The protection of U.S. citizens’ personal data has taken center stage over the past few months. For the Consumer Financial Protection Bureau (CFPB), the new initiatives aren’t just about personal privacy. The CFPB considers data brokers, which harvest and share consumer data, to be a threat to national security.
Congress is just as concerned. The American Privacy Rights Act (APRA) is a newly unveiled bipartisan venture designed to regulate the buying and selling of personal data collected from consumers, both with and without their consent. The goal is to establish a national data security standard that gives consumers control of their information.
Earlier this month, Rohit Chopra, Director of the CFPB, asserted that data brokers fall under the scope of the Fair Credit Reporting Act (FCRA)—and that legislation prohibits the sharing of vital data, such as credit reports, with anyone unless that have a specific, clearly-defined legal reason to have it.
Data Under Fire
Chopra went on to cite the growing prevalence of data breaches. Among the major breaches he mentioned was the 2018 Marriott incident, where foreign bad actors hacked the hotel giant’s database. Hackers got access to 327 million records that included personal data ranging from birth dates to phone numbers.
Data brokers don’t need breaches to obtain consumer data, it’s typically readily available to purchase. Once it’s in their hands, the data can then be sold to anyone, including foreign intelligence agencies.
According to Chopra, data brokers are compiling lists that can single out individuals based on multiple criteria. For example, brokers could cross-reference a list of U.S. intelligence personnel with terms like “substance abuse,” “heavy drinker,” or even “behind on bills.” Those lists could then be used to target those individuals for blackmail schemes or other attacks.
Do Not Collect
One of APRA’s primary goals will be to ensure that data brokers clearly identify themselves and expressly inform consumers of their motives. Brokers should tell people exactly what data they’re gathering and where they’re transferring it.

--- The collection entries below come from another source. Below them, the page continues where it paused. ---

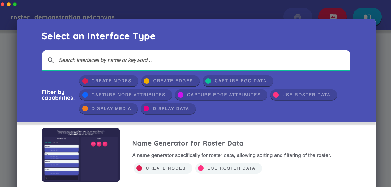 To use a roster, you should select the interface "Name Generator for Roster Data". Give the stage a name (such as roster_01) and then create or select a node type. In the example, we have created a node type called "person" and so we will choose this. Then the program asks for "Data Source for Roster". If you have already uploaded the CSV to the Resource Library it will be available to select. Otherwise, you can upload it now.
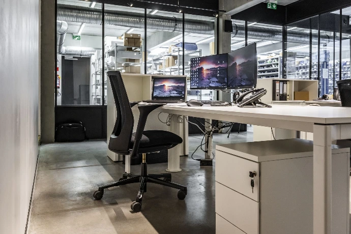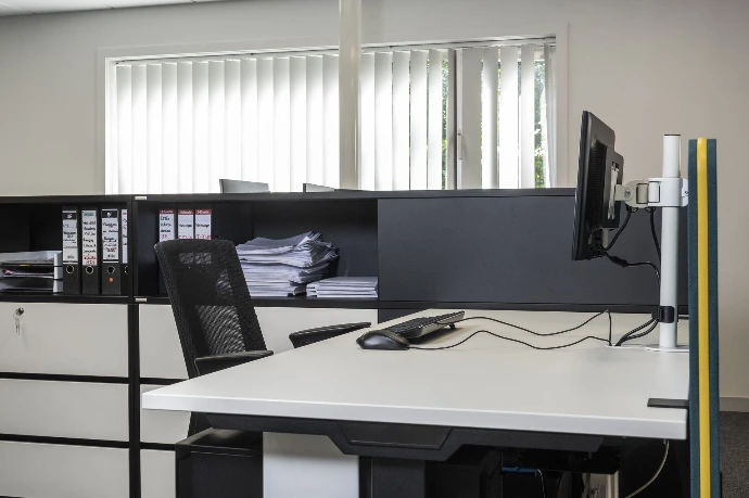 Functioneel kantoorinterieur met focus op efficiëntie en ergonomie
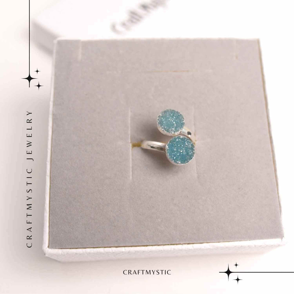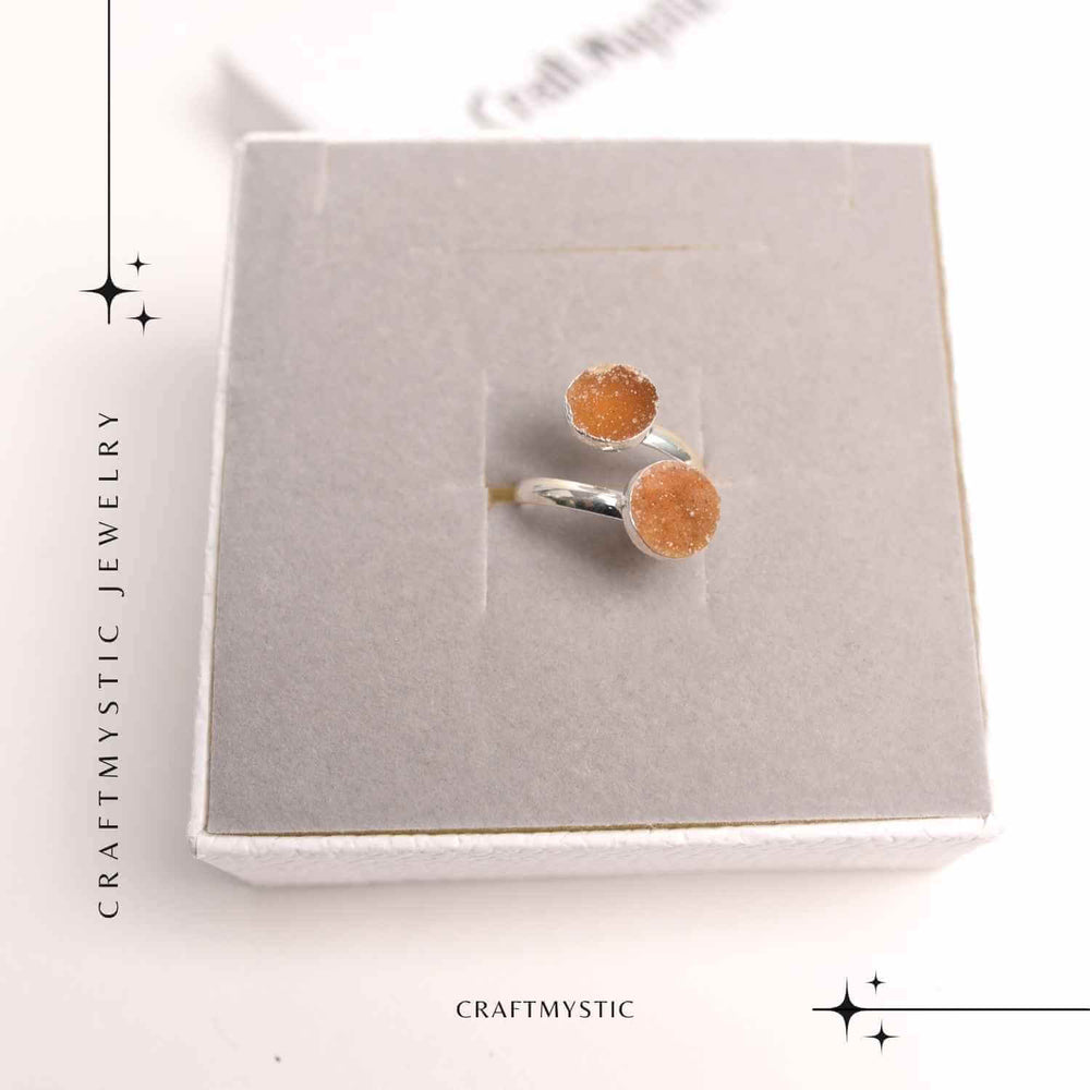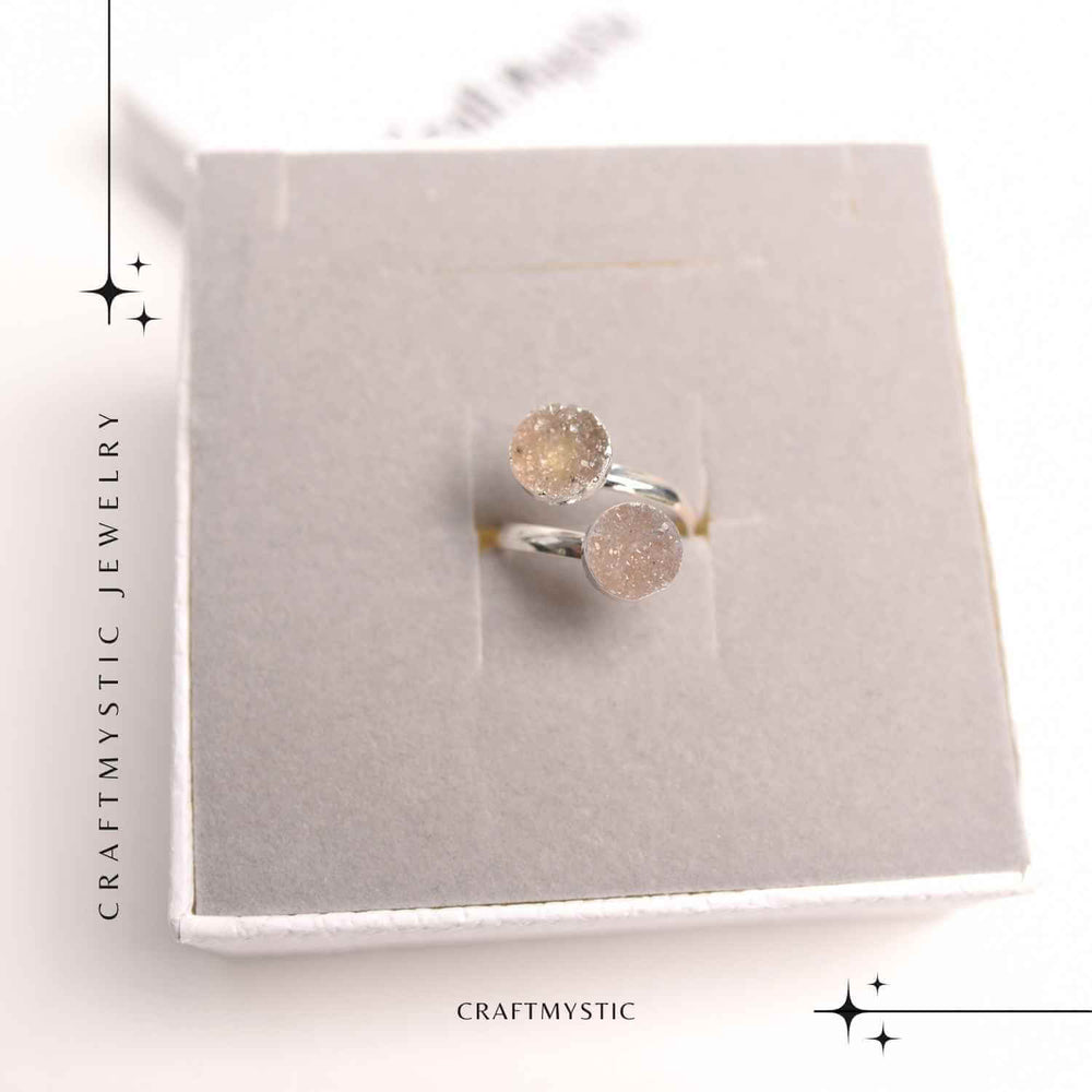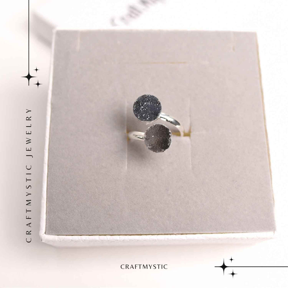 Acest inel argintiu cu dublu agat druzy tratat termic este ideal pentru cei care apreciază bijuteriile unice și versatile. Disponibil în nuanțe variate (gri, albastru, roz, crem sau portocaliu), fiecare inel este unic, iar culoarea exactă va fi aleatorie, conform selecției clientului. Pietrele de 8 mm sunt atent montate pe un suport din alamă combinată cu cupru placat argintiu pentru o protecție excelentă împotriva oxidării.
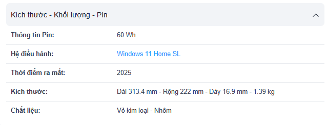 Hệ Điều Hành: Windows 11 Home, Camera IR, có công tắc khóa Camera, nhận diện khuôn mặt, Trọng lượng 1.4kg
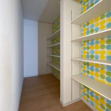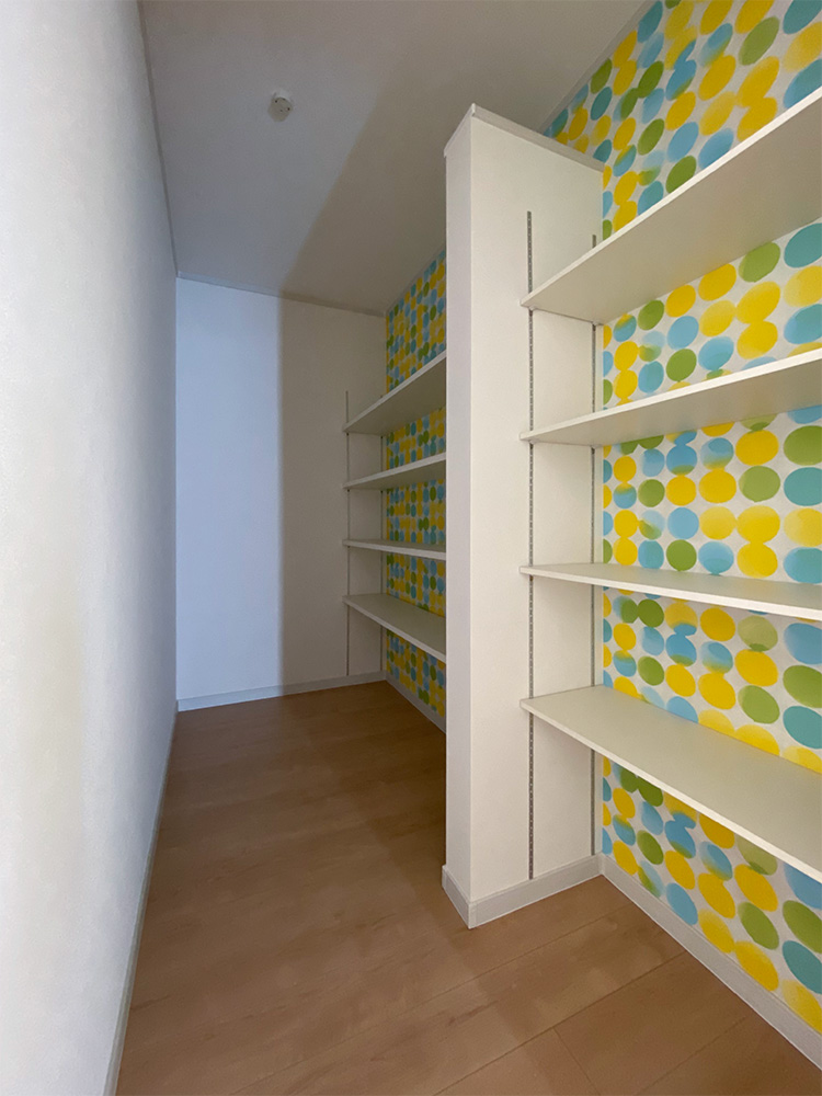 カラフルなアクセントクロスを使用し明るい気分になるパントリー 大容量なので買い置きなどたくさんストックできます

APRA is also tasking the Federal Trade Commission with creating a database to track brokers that handle data for more than 5,000 individuals. Consumers would then be able to send “Do Not Collect” requests to all the registered data brokers to safeguard their information.
Too Little, Too Late
For some critics, the recent push by legislators, including APRA, is too little and too late. The global data broker industry is expected to top $460 billion by 2031. It’s a highly profitable industry that is still largely unregulated, and poses an urgent, significant threat to consumers.
“When Americans’ health information, financial information, and even their travel whereabouts can be assembled into detailed dossiers, it’s no surprise that this raises risks when it comes to safety and security,” Chopra said.